EXCERPTED DATA Block Start

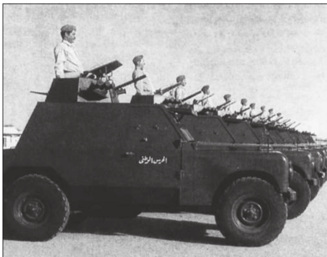
اتباع أحدث الأساليب في التسليح والتدريب

على استمرارية العمل في مختلف الظروف الاستثنائية وكأنت قيادة الحرس الوطني داعماً رئيسياً لمسيرة التأهيل العلمي والثقافي لمنتسبي الحرس إيماناً منه بأن الاستثمار في العنصر البشري هو الركيزة الأساسية للتطوير والتميز. وتجسد ذلك من خلال ابتعاث أعداد كبيرة من منتسبي الحرس الوطني إلى الجامعات والمعاهد داخل الكويت وخارجها للحصول على المؤهلات العلمية المتخصصة وتطوير وتنظيم منظومة الإبتعاث من خلال تشييد لجنة متخصصة للبعثات بما يضمن تحقيق العادلة وتكافؤ الفرص والاستفادة المثلى من البرامج التعليمية.
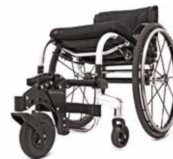
Roue avant tout terrain FrontWheel. Liberté maximale et facilité de propulsion quel que soit le terrain. Compacte, très simple à installer. Compatible avec Tiga, Tiga FX et Hi Lite.
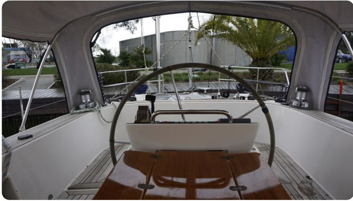
Hallberg Rassy 48 AURORA 19
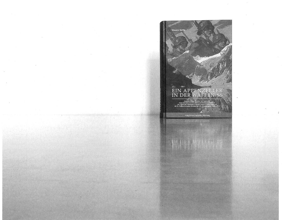
Wandert auf dünnem Eis: das neueste Werk von Vincenz Oertle.

Das erste Buch, mit dem er von sich reden machte, erschien 1997 und trug den Titel «Sollte ich aus Deutschland nicht zurückkehren ... Schweizer Freiwillige an deutscher Seite 1939–1945». Es handelte von jenen Schweizern, die im Zweiten Weltkrieg ins Dritte Reich überliefen und sich dort als Freiwillige dem Führer zur Verfügung stellten. Für solche braune Eidgenossen gab es in Stuttgart eine spezielle Empfangsstelle, das so genannte «Panoramaheim». Von dort aus wurde die Nazi-
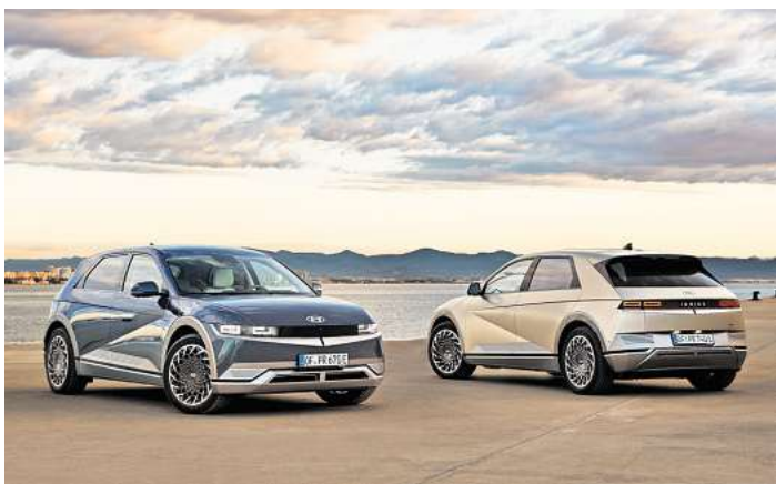
Der Hyundai IONIQ 5 bietet 800-Volt-Technologie für besonders schnelle Ladevorgänge.

Der Hyundai IONIQ 5 basiert auf der innovativen „Electric Global Modular Platform“ (E-GMP), die einzigartige Fahrzeugpropor-
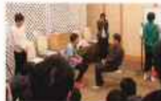
Bad News Tellingに関する ロールプレイ
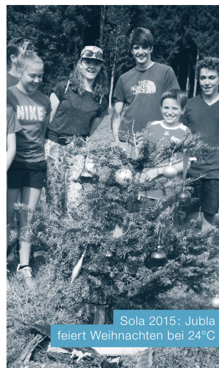
Sola 2015: Jubla feiert Weihnachten bei 24°C
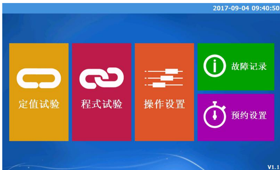
图 [2-1] 系统主画面
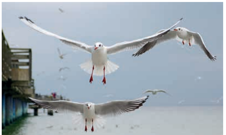
Möwen am Strand von Boltenhagen
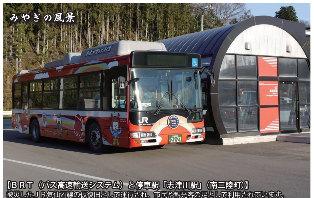
【BRT(バス高速輸送システム)と停車駅「志津川駅」(南三陸町)】被災したJR気仙沼線の仮復旧として運行され、市民や観光客の足として利用されています。
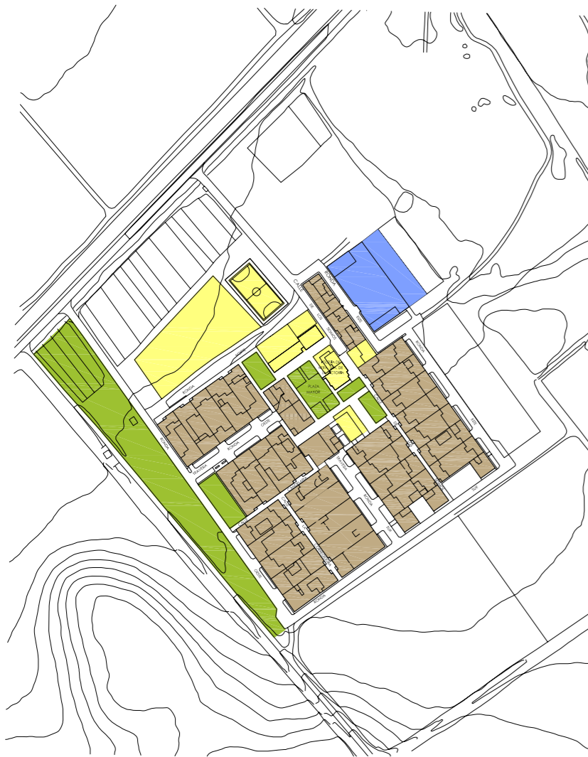
puebla de la parrilla
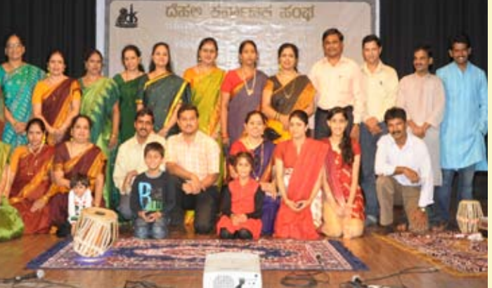
ಬೇಂದ್ರೆ ಗೀತಗಾಯನ ಕಾರ್ಯಕ್ರಮ ಪ್ರಸ್ತುತಪಡಿಸಿದ ದೆಹಲಿ ಕಲಾವಿದರು
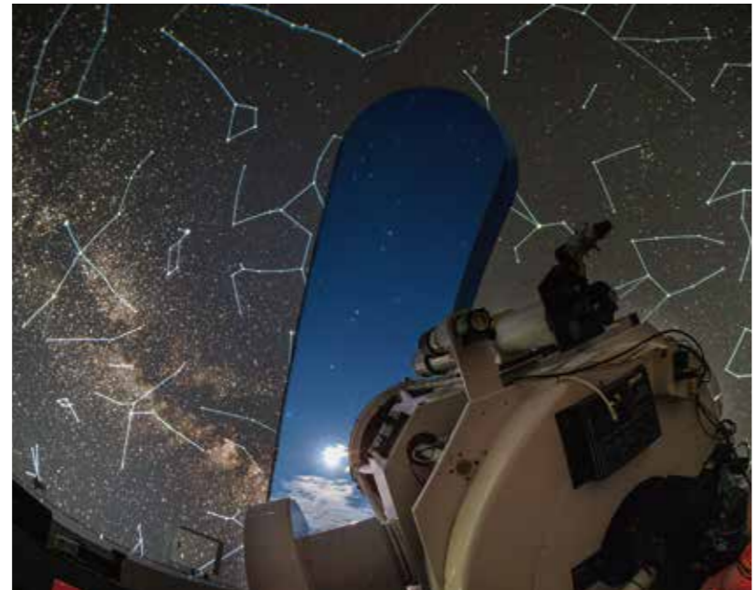
デジタル全天周投影機を備え、星空が投影できる天体観測室

みさと天文台は、以上のような様々な工夫を続けながら、星の魅力を発信する教育・観光・交流の拠点として、紀美野町の発展に貢献していきます。
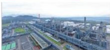
福建古雷炼化一体化项目
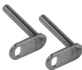
カンチブレーキ台座 取付ブラケット 2本

EXCERPTED DATA Block End

● TASK INSTRUCTIONS
Nothing is wanted except the number of lines in the entries above that include the word "Hyundai".

● THE COMPLETED TASK
2